● WHAT TO PRODUCE: Transcribe only the part of the material below that begins at the line containing "The Station combines" and ends at the line containing "1日、湿地修復の現場で作業する重機。(ドローンから、盤錦=新華社記者/潘昱竜)", with both kept and images left out.

● EXERCISE INPUTS:
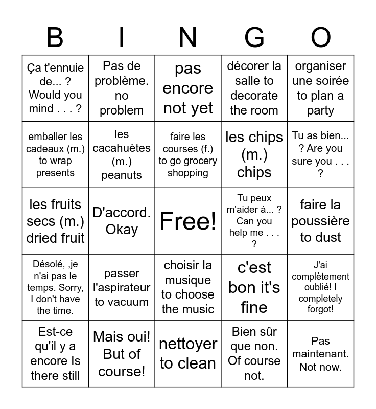 This bingo card has a free space and 35 words: les amuse-gueules snacks, les biscuits (m.) cookies, les bonbons (m.) sweets/candy, les cacahuètes (m.) peanuts, choisir la musique to choose the music, décorer la salle to decorate the room, emballer les cadeaux (m.) to wrap presents, envoyer les invitations (f.) to send the invitations, faire les courses (f.) to go grocery shopping, faire le ménage to do housework, les fruits secs (m.) dried fruit, organiser une soirée to plan a party, ranger la maison to tidy up the house, une soirée costumée costume party, Ça t'ennuie de... ? Would you mind . . . ?, Tu peux m'aider à... ? Can you help me . . . ?, Bien sûr que non. Of course not., D'accord. Okay, Désolé, ,je n'ai pas le temps. Sorry, I don't have the time., Pas maintenant. Not now., c'est bon it's fine, Est-ce qu'il y a encore Is there still, J'ai complètement oublié! I completely forgot!, Mais oui! But of course!, pas encore not yet, Tu as bien... ? Are you sure you . . . ?, Tu as déjà... ? Did you already . . . ?, Tu as pensé à... ? Have you thought of . . . ?, les chips (m.) chips, faire la poussière to dust, Je dois d'abord... First I have to..., nettoyer to clean, passer l'aspirateur to vacuum, Pas de problème. no problem and évidemment obviously.
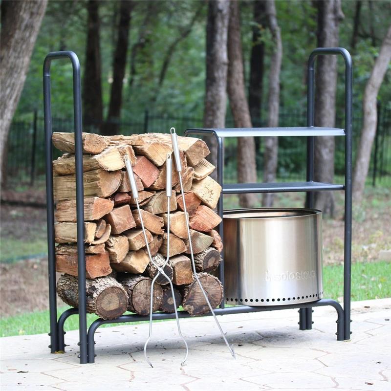 The Station combines functionality and practicality by offering ample fire wood storage, a storage space for Ranger or Bonfire, and features utility shelves to organize fire starting supplies, provide a gear workspace, or offer additional space for entertaining. Solo Stove Station is powder coated for durability and holds up to 250 pounds.
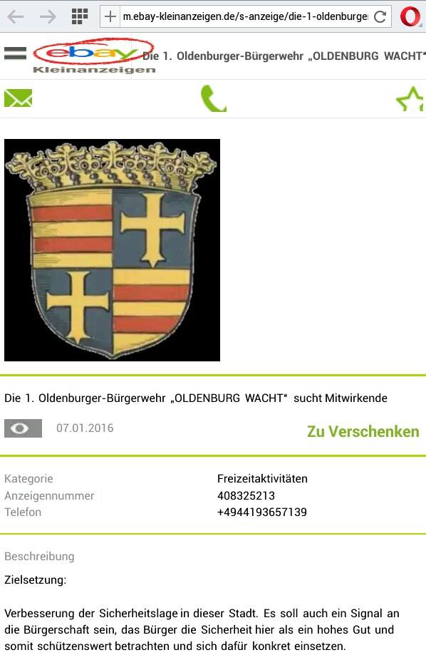 Die Oldenburger Bürgerwehr „Oldenburg wacht“ warb bis vor kurzem über das Portal „eBay Kleinanzeigen“ um neue Mitstreiter*innen. In dem dortigen Text ist von „Bestreifungen […] an den Örtlichkeiten der Innenstadt sowie an den bekannten Brennpunkten“ die Rede. Zwar wird in dem Text auf eine vermeintliche Neutralität verwiesen und es wird sich auch in bester extremismustheoretischer Manier von „links- und rechtsradikalem Lager“ distanziert, an Hand des Sprachgebrauchs erscheint es trotzdem schnell ersichtlich, mit welchem Gedankengut die Initiator*innen der „Bürgerwehr“ sympathisieren. So ist im klassischen nationalsozialistischen Vokabular von „Denunzianten, Unruhestiftern und anderweitige[n] asoziale[n] Gestalten“ die Rede.
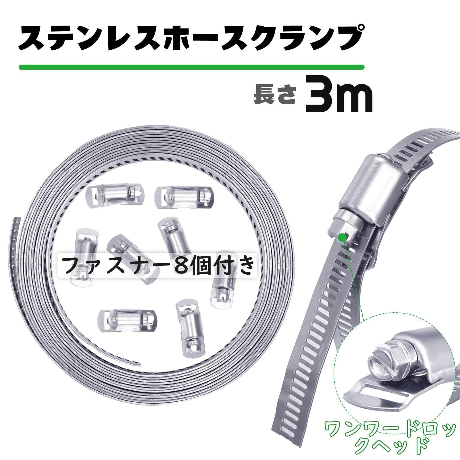 Hitchlike ホースバンド ステンレス 長さ3m 調整可能 ホースクランプ 強力固定 耐熱 ステンレスバンド 排気ダクト 配管用 ファスナー8個付き
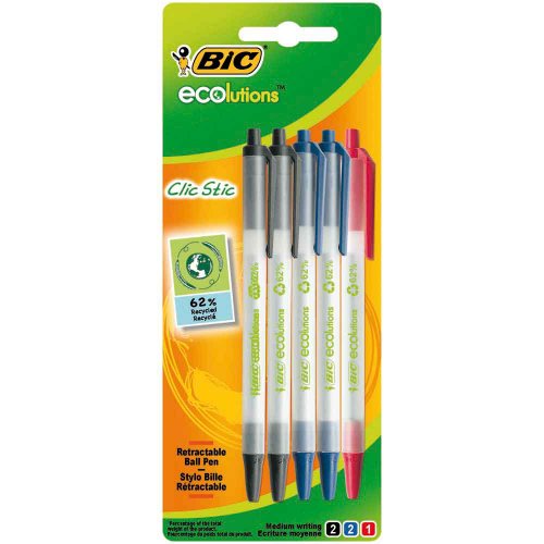 BIC ecolution Clic Stic Blister da 5 penne a sfera Noir/Blue/Rouge, 5 Pezzi
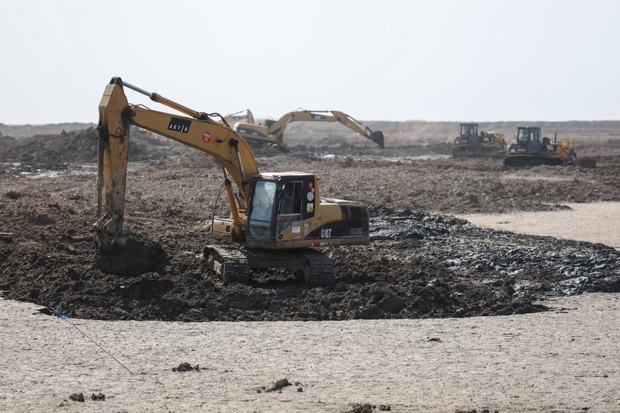 1日、湿地修復の現場で作業する重機。(ドローンから、盤錦=新華社記者/潘昱竜)
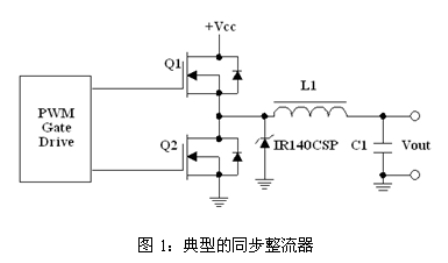 圖1示出了由一個高側(cè)MOSFET(Q1)和低側(cè)MOSFET(Q2)組成的典型同步整流器,為了實現(xiàn)最佳的同步整流器設計,這兩個MOSFET需要具備不同的特性。一般來說,您可以通過搜尋一個具有最低Qswitch×RDS(ON)性能因數(shù)的器件來選擇最佳的Q1 MOSFET。Qswitch被定義為柵-源極電荷的后柵極臨限部分與柵-漏極電荷之和(Qgs2 + Qgd)。相比之下,最佳的Q2 MOSFET必須擁有非常低的RDS(ON)以及良好的Cdv/dt抗干擾。由于Q2的漏極與轉(zhuǎn)換器的開關節(jié)點相連,因此,它承受著地電位與Vin之間的瞬變電壓。隨著Q1的導通和關斷,漏極電壓會以dV/dt的速率進行變化,該變化將被容性耦合至Q2的柵極,并能夠引起一個足以使MOSFET導通的電壓尖峰,從而產(chǎn)生擊穿電流。因此,必須最大限度地減小Qgd/ Qgs1(柵-漏極電荷/臨限前柵-源極電荷)之比率以降低Cdv/dt導通電位。

● FINAL ANSWER:
 The Station combines functionality and practicality by offering ample fire wood storage, a storage space for Ranger or Bonfire, and features utility shelves to organize fire starting supplies, provide a gear workspace, or offer additional space for entertaining. Solo Stove Station is powder coated for durability and holds up to 250 pounds.
 Die Oldenburger Bürgerwehr „Oldenburg wacht“ warb bis vor kurzem über das Portal „eBay Kleinanzeigen“ um neue Mitstreiter*innen. In dem dortigen Text ist von „Bestreifungen […] an den Örtlichkeiten der Innenstadt sowie an den bekannten Brennpunkten“ die Rede. Zwar wird in dem Text auf eine vermeintliche Neutralität verwiesen und es wird sich auch in bester extremismustheoretischer Manier von „links- und rechtsradikalem Lager“ distanziert, an Hand des Sprachgebrauchs erscheint es trotzdem schnell ersichtlich, mit welchem Gedankengut die Initiator*innen der „Bürgerwehr“ sympathisieren. So ist im klassischen nationalsozialistischen Vokabular von „Denunzianten, Unruhestiftern und anderweitige[n] asoziale[n] Gestalten“ die Rede.
 Hitchlike ホースバンド ステンレス 長さ3m 調整可能 ホースクランプ 強力固定 耐熱 ステンレスバンド 排気ダクト 配管用 ファスナー8個付き
 BIC ecolution Clic Stic Blister da 5 penne a sfera Noir/Blue/Rouge, 5 Pezzi
 1日、湿地修復の現場で作業する重機。(ドローンから、盤錦=新華社記者/潘昱竜)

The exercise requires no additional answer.